Super-operator structures and no-go theorems for dissipative quantum phase transitions

TL;DR

This paper analyzes the structure of Liouville super-operators in open quantum systems, demonstrating that many dissipative phase transitions are impossible and that convergence to steady states is exponential, with implications for various models.

Contribution

It introduces a super-operator framework that bounds spectral gaps and proves no-go theorems for dissipative phase transitions in many quantum systems.

Findings

Dissipative phase transitions are often impossible in large classes of systems.

Spectral gaps can be bounded from below using super-operator structures.

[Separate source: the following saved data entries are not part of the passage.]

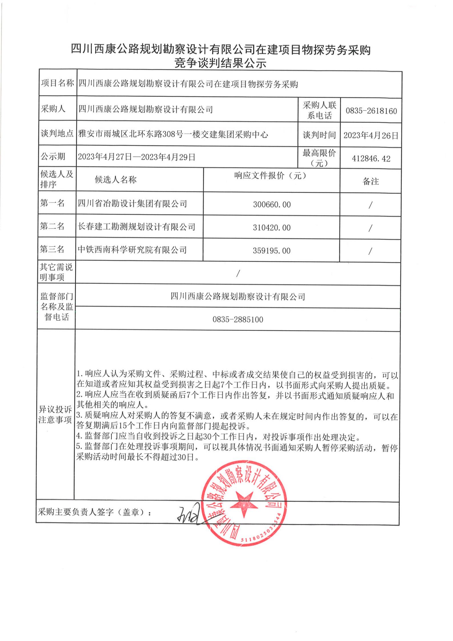 四川西康公路規(guī)劃勘察設計有限公司在建項目物探勞務采購競爭談判結(jié)果公示
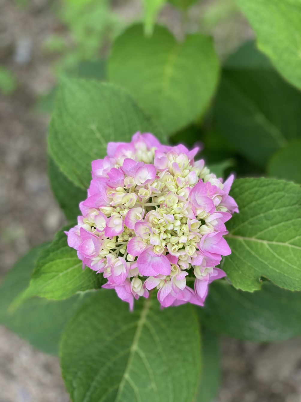 우리 정원에 온 지 삼 년째, 작년까지 얼굴을 내보이지 않던 수국이, 올해 꽃을 피워냈습니다.
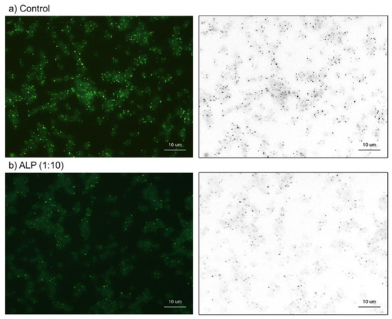 The effects of ALP on platelet polyP. Fixed platelets were treated with 0.3 U/mL (1:10) ALP for 8 h (b). The control was incubated in the specific buffer without ALP (a). Bar = 10 μm. Similar results were observed in four other independent experiments.
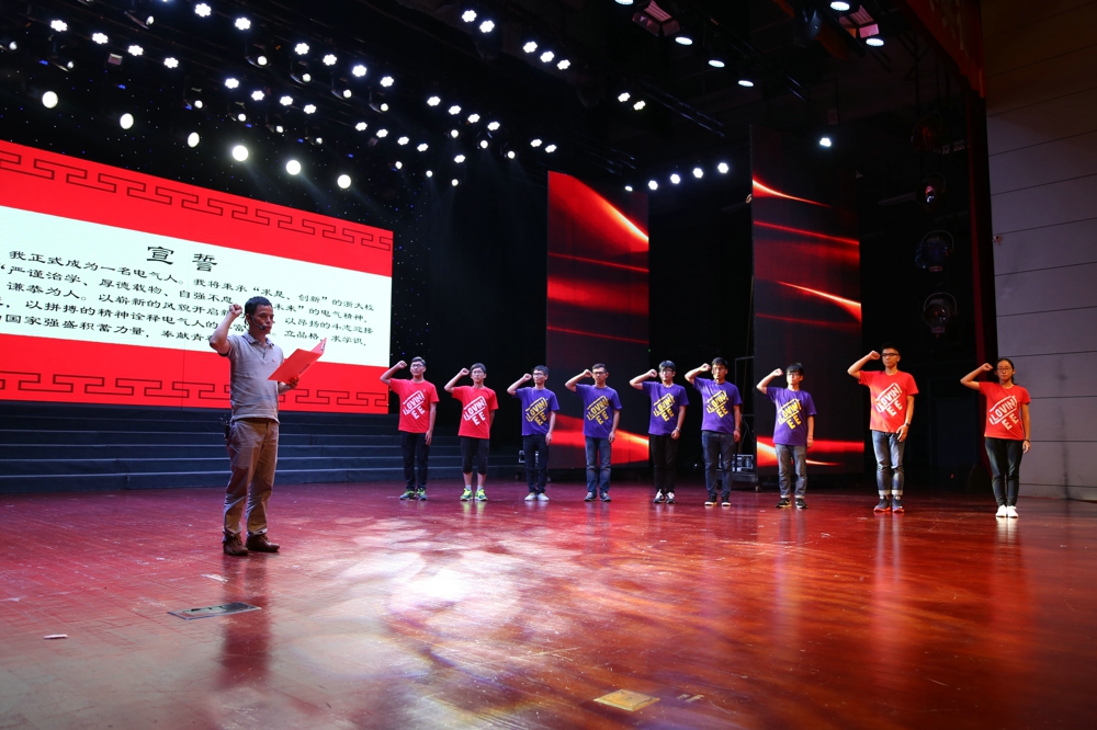 “从今天起,我正式成为一名电气人,我将秉承‘求是、创新’的浙大校训,发扬‘严谨治学、厚德载物、自强不息、引领未来’的电气精神……”,9月25日晚,503名2016级本科生、研究生新生在庄严的宣誓中开启他们的电气之旅。满腹憧憬,相聚浙里;怀揣梦想,缘起电气!
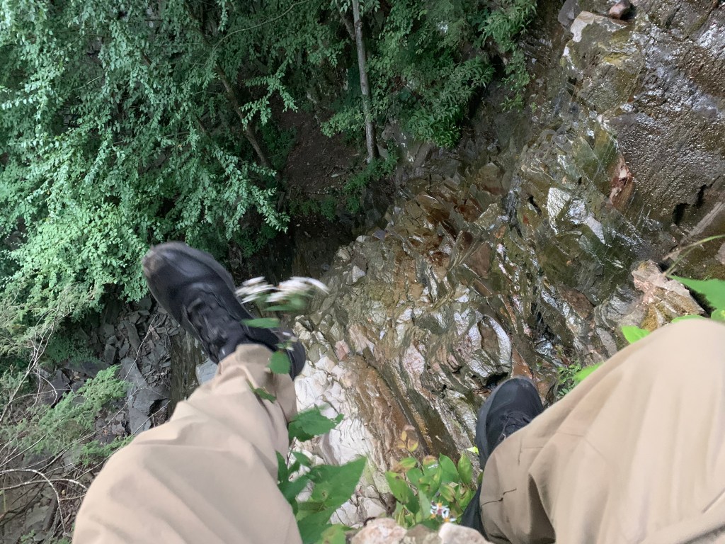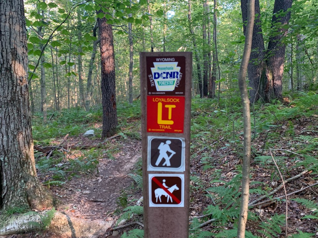 The so-called Link Trail came in to join the Loyalsock for a hot sec and confused me a bit in the twilight. At one point I ended up on it and its similarly featured metal medallion blazes before realizing I was off the Loyalsock Trail. I briefly considered just taking the shorter Link Trail down to the state park but then turned around in the dark to backtrack to the Loyalsock Trail proper and my hike back up the ridge to meet “Pioneer Road,” a stretch of trail that followed an old wagon road before bridges were built over Loyalsock creek. I was not going to come all this way to skip a single yard of the Loyalsock Trail, I grumbled out loud in my best whaler captain voice. Night came on fast and I was pretty beat. I made it as far as World’s End Vista at about mile 45.5 and looked at the sharp descent down toward the visitor’s center. I also thought of the likely straight shot back up the High Rocks trail portion on the other side of the state park creek side area. I did not want to do either of those two things in the dark. And so I looked at a relatively flat “Pioneer Road” trail spot and set up my tent for the night. No fire, no impact or trace, and a spot that I seriously doubt anyone had considering sleeping on past the 19th century. Yes, this was not technically permitted. I regret it and would never have taken a group to this spot. But I was solo and I was back up and hiking by 6:00 a.m. the next morning. I didn’t see a soul. Apologies to the state park and fellow backpackers for this breech of regulation and etiquette.
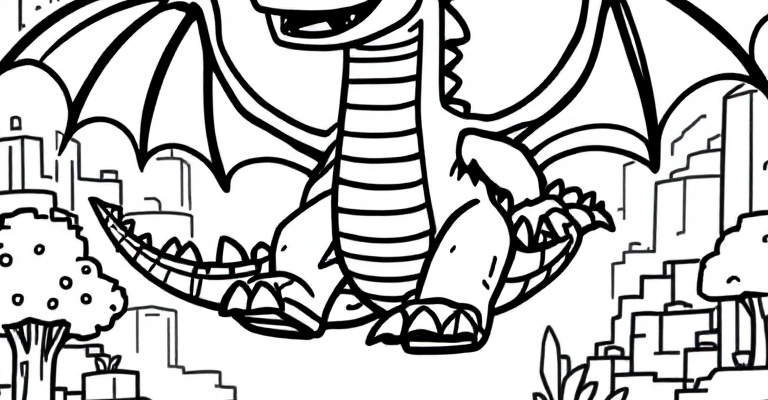 Погрузитесь в захватывающую битву с Драконом Края в Майнкрафт 🌟 Эта раскраска дарит веселую и дружелюбную сцену с героем и драконом 🐉 Легкие контуры и
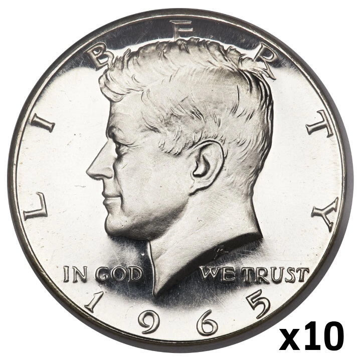 USA: 50 cent - fél dollár (0,50 USD) Ezüst Különböző évek (Ag.400 finomság) Forgalomban lévő 10 darab
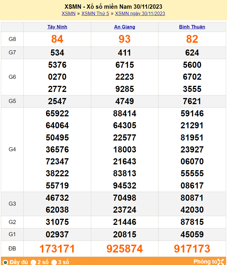 XSMN thứ năm, kết quả xổ số miền Nam ngày 30/11/2023
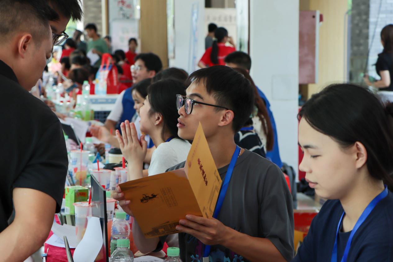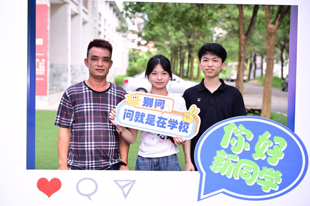 在架空层,每个班级都设有接待点,包括凉亭休息处、行李寄存处、签名拍照墙等设施。新生们可以在此稍作休息,整理行李,并与家人或新同学合影留念。此外,现场还提供了即时拍照服务,让新生们能够捕捉到这一珍贵时刻。在志愿者的有序引导下,迎新工作有条不紊地进行着。学院领导也亲临现场,与新生们亲切交流,合影留念,并为新生们讲解入学注意事项。他们的到来不仅为新生带来了关怀与温暖,也极大地鼓舞了志愿者们的士气。

Convergence to steady states is exponential in these systems.

Abstract

In the thermodynamic limit, the steady states of open quantum many-body systems can undergo nonequilibrium phase transitions due to a competition between coherent and driven-dissipative dynamics. Here, we consider Markovian systems and elucidate structures of the Liouville super-operator that generates the time evolution. In many cases of interest, an operator-basis transformation can bring the Liouvillian into a block-triangular form, making it possible to assess its spectrum. The spectral gap sets the asymptotic decay rate. The super-operator structure can be used to bound gaps from below, showing that, in a large class of systems, dissipative phase transitions are actually impossible and that the convergence to steady states follows an exponential temporal decay. Furthermore, when the blocks on the diagonal are Hermitian, the Liouvillian spectra obey Weyl ordering relations. The results apply, for example, to Davies generators and quadratic systems, and are also demonstrated for various spin models.